RAW DATA:
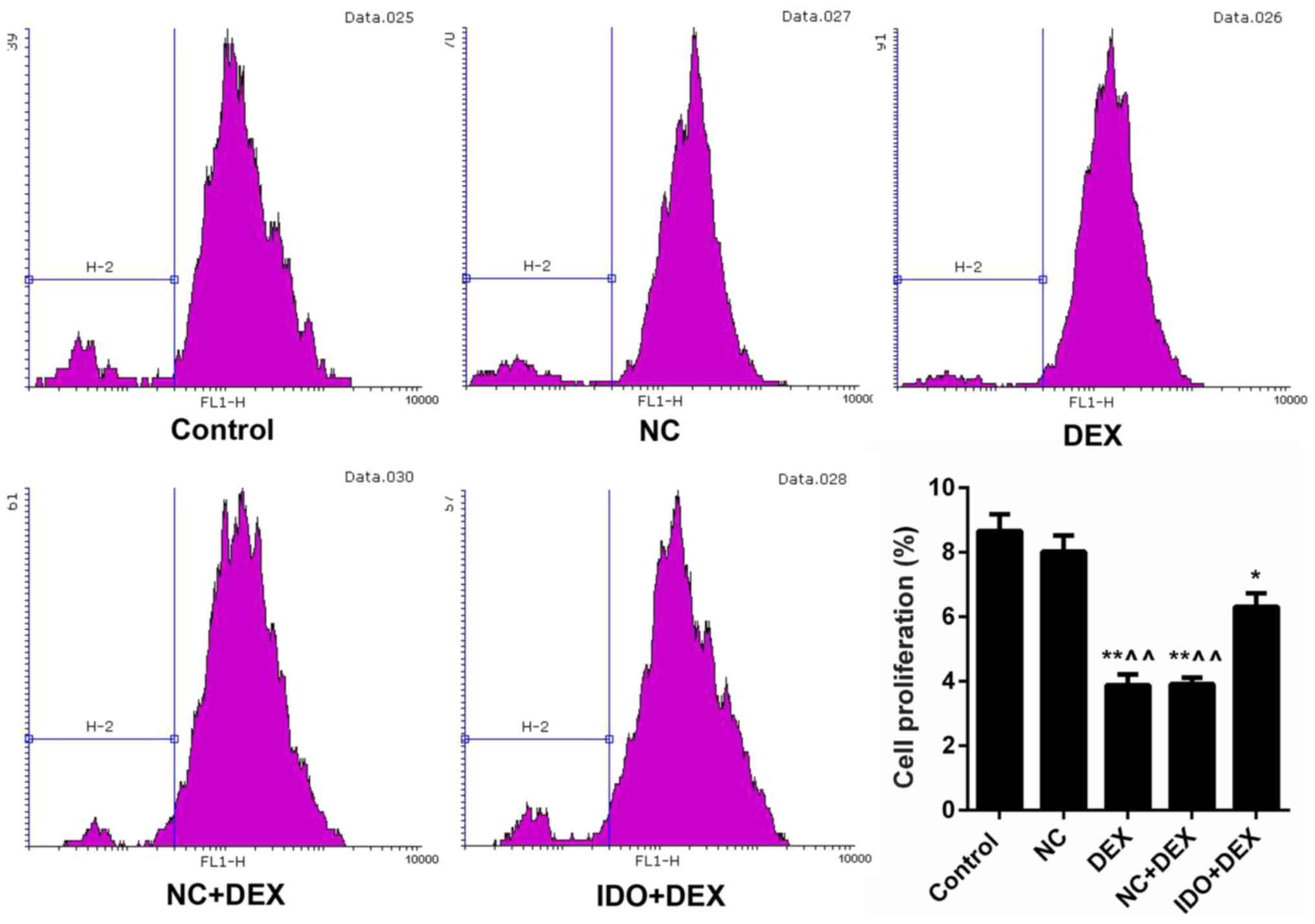 In the current study, it is suggested that the overexpression of IDO is conducive to the repair of human airway epithelial cells inhibited by DEX. According to the previous article, functional IDO expression is high in the lung (47). It has been proved that immature dendritic cells expressing IDO inhibit OVA-induced allergic airway inflammation in vivo (48). In addition, another study has confirmed that knocking down IDO activity markedly decreased the ability of human airway epithelial cells (40). However, the IDO-only treated control group has not been designed in this study. Of course, the addition of the IDO-only treated control group will make the experiment more convincing.
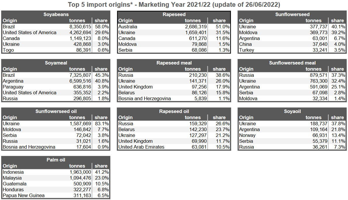 23.06.22 Страны Евросоюза экспортировали 5,4 млн тонн масличных и продуктов переработки с начала сезона
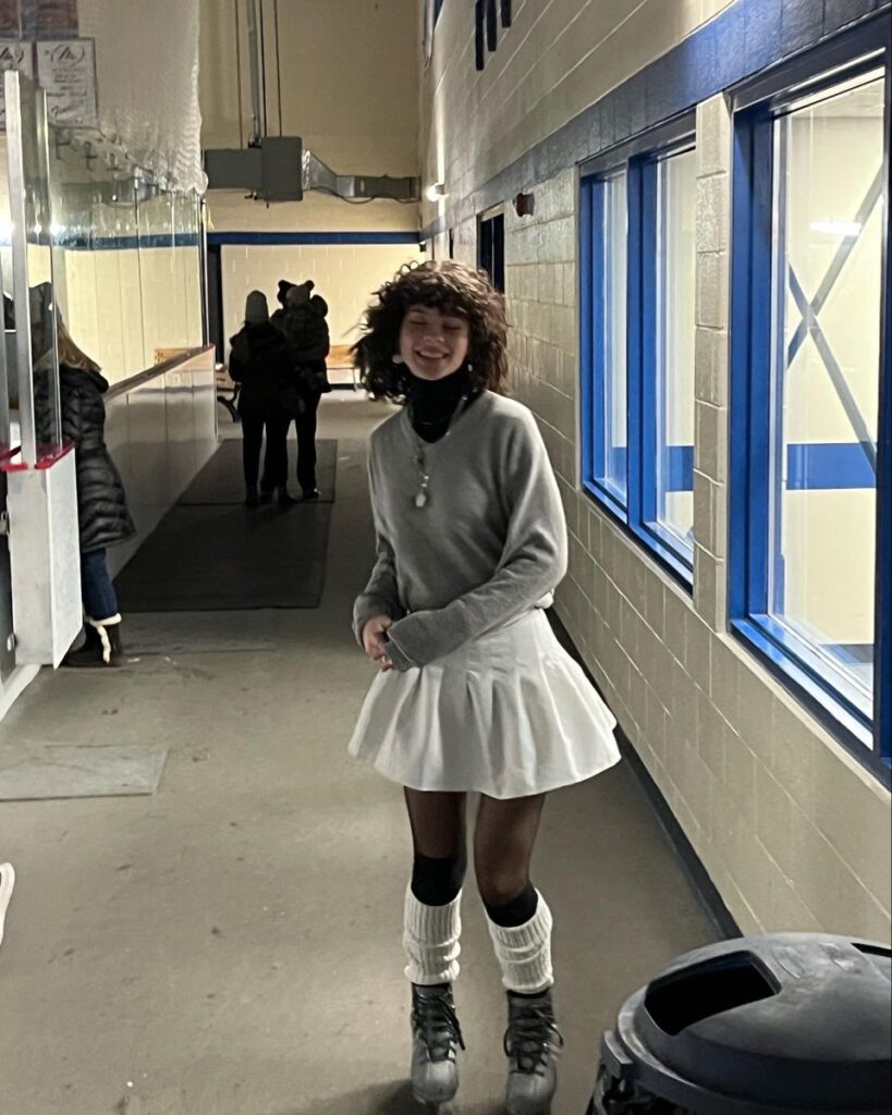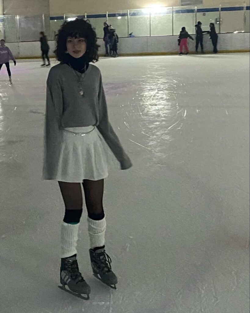 Off the ice and still the cutest person in the building. That grey v neck over a black turtleneck is such a good layering move honestly, and the white pleated skirt keeps things light and playful. The leg warmers add just the right amount of skater energy. Basically this whole look says I came to have fun and also look amazing, so both things are happening simultaneously.
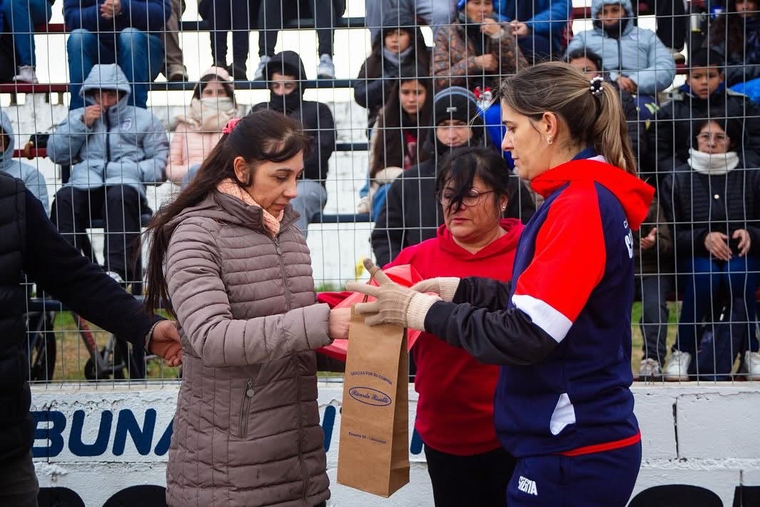 La joven mujer estuvo presente en el campo de juego del Arroyo, recibiendo el afecto de la dirigencia local de los hinchas de ambas parcialidades.
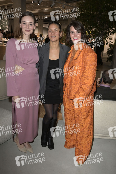 Maria Ehrich, Taneshia Abt und Yara Hoffmann bei der Ausstellungseröffnung Ruinart Maison 1729 Kunst Pop-up am Tacheles anlässlich des Gallery Weekends. Berlin, 24.04.2024
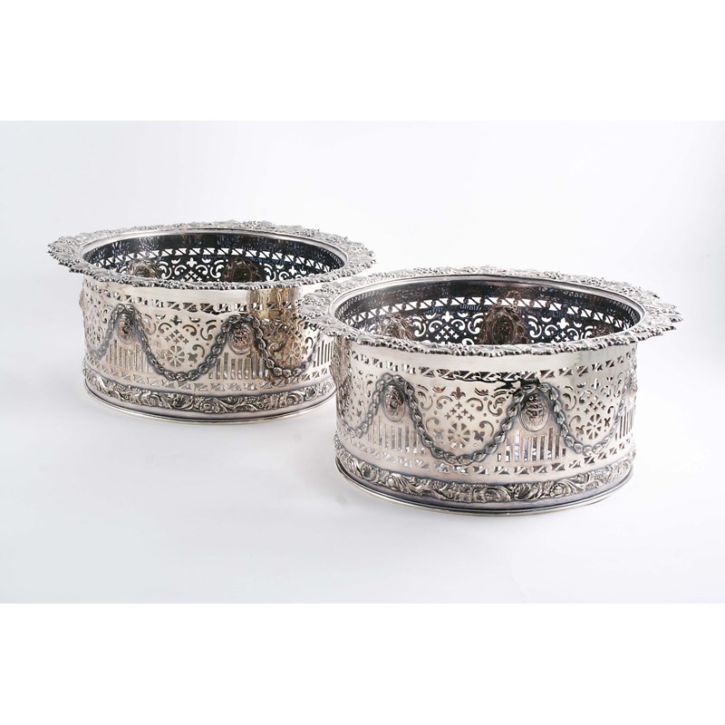A PAIR OF VERY LARGE LATE VICTORIAN ELECTROPLATED WINE COASTERS with pierced & embossed decoration and borders of fruiting vines, unmarked, c.1900; 10" (25.5 cms) diameter (2)
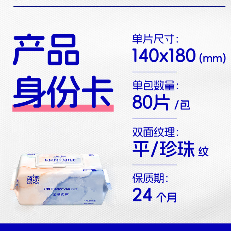 蓝漂湿巾纸手口专用儿宝宝清洁纯水加厚湿纸巾家庭实惠装

PROBLEM TO SOLVE:
Only the lines from the start of the records to the one containing "Maria Ehrich, Taneshia" should be repeated, exactly and with both ends kept; drop any pictures.

ANSWER SPACE:
 In the current study, it is suggested that the overexpression of IDO is conducive to the repair of human airway epithelial cells inhibited by DEX. According to the previous article, functional IDO expression is high in the lung (47). It has been proved that immature dendritic cells expressing IDO inhibit OVA-induced allergic airway inflammation in vivo (48). In addition, another study has confirmed that knocking down IDO activity markedly decreased the ability of human airway epithelial cells (40). However, the IDO-only treated control group has not been designed in this study. Of course, the addition of the IDO-only treated control group will make the experiment more convincing.
 23.06.22 Страны Евросоюза экспортировали 5,4 млн тонн масличных и продуктов переработки с начала сезона
 Off the ice and still the cutest person in the building. That grey v neck over a black turtleneck is such a good layering move honestly, and the white pleated skirt keeps things light and playful. The leg warmers add just the right amount of skater energy. Basically this whole look says I came to have fun and also look amazing, so both things are happening simultaneously.
 La joven mujer estuvo presente en el campo de juego del Arroyo, recibiendo el afecto de la dirigencia local de los hinchas de ambas parcialidades.
 Maria Ehrich, Taneshia Abt und Yara Hoffmann bei der Ausstellungseröffnung Ruinart Maison 1729 Kunst Pop-up am Tacheles anlässlich des Gallery Weekends. Berlin, 24.04.2024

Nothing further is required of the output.